Overview
- Production: 1997 (prototype only)
- Assembly: Nigeria
- Designer: Ezekiel Izuogu

= Izuogu Z-600 =

The Izuogu Z-600 prototype was the first indigenous Nigerian car, and the first automobile of indigenous all-African technology. It was the brainchild of engineer Ezekiel Izuogu. Launched in 1997, the car caused a stir in the Nigerian media, and was touted by the then Nigerian chief of staff General Oladipo Diya.

== Design and specification ==

The prototype was equipped with a self made 1.8L four cylinder engine that got 18mpg and allowed the car to achieve a top speed of 140 km/h (86 mph). Front Wheel Drive (FWD) was chosen over Rear Wheel Drive (RWD) because a transmission tunnel, which RWD would require, would be more expensive to fabricate. 90% of the car's components were made locally.

The design of the car was very utilitarian resembling a Renault 4 with its upright stance and a front end that vaguely resembles the locally assembled Peugeot 504.

To be priced at $2000 it would have been the cheapest car in the world. Clever features like a door bell used in place of a horn ensure it achieves its low price target. Mass production was planned under Izuogu motors located in Naze, Imo state, but too many financial and political hurdles prevented the car from proceeding past the prototype stage.

== Current progress ==

In 2005 interest from other African countries arose about the Z-600 and Dr. Izuogu was invited to South Africa to give a speech on science and technology. The South African government showed keen interest in the car and wanted Izuogu to build it in South Africa.
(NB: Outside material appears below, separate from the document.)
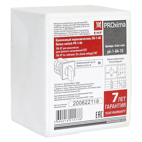 Кулачковые переключатели серии ПК EKF PROxima — это механические коммутационные устройства, предназначенные для работы в цепях переменного тока с номинальным напряжением до 400 В и частотой 50/60 Гц. Их конструкция обеспечивает надежность и устойчивость к внешним воздействиям благодаря контактам с повышенным содержанием серебра, что снижает переходное сопротивление.
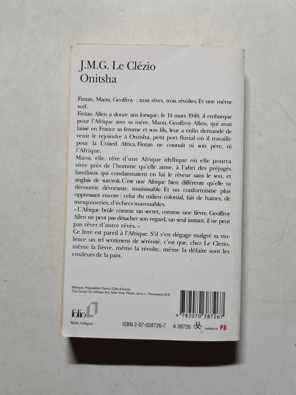Onitsha est le nom d'un petit port fluvial établi sur le Niger, en Afrique, lieu central du voyage initiatique que va accomplir Fintan, un jeune garçon de douze ans. Embarqué à bord du bateau Surabaya en compagnie de sa mère Maria Luisa, dite Maou, le 13 mars 1948, ils veulent l'une et l'autre rejoindre son époux et père, Geoffroy. Une narration en partie autobiographique, Le Clézio ayant, à l'âge de six ans, effectué le trajet inverse. Avec la guerre du Biafra (deux millions victimes) et les décolonisations en toile de fond. En lisant Le Coeur des ténèbres de Conrad, Le Clézio y puisa sans doute beaucoup pour écrire cette merveilleuse mosaïque, cette représentation mythologique et historique d'une Afrique de l'Ouest qui réunit le rêve et la révolte. L'histoire d'un exil personnel et d'une fuite universelle, à l'instar de son personnage qui remonte le temps, le narrateur à la recherche de la cité de Meroë, Le Clézio aux sources d'un royaume disparu : le paradis perdu de l'enfance.

Optimism surrounded the car until March 11, 2006, when no fewer than 12 heavily armed men raided the factory of Izuogu Motors in Naze taking with them the molds for the engine blocks and crank shaft, mudguards, the design history notebook of Z-600, the design file; Z-MASS (containing the design history for mass production of the Z-600 car) and other components. This was a big setback for the project. Since then not much is known on the status of the car.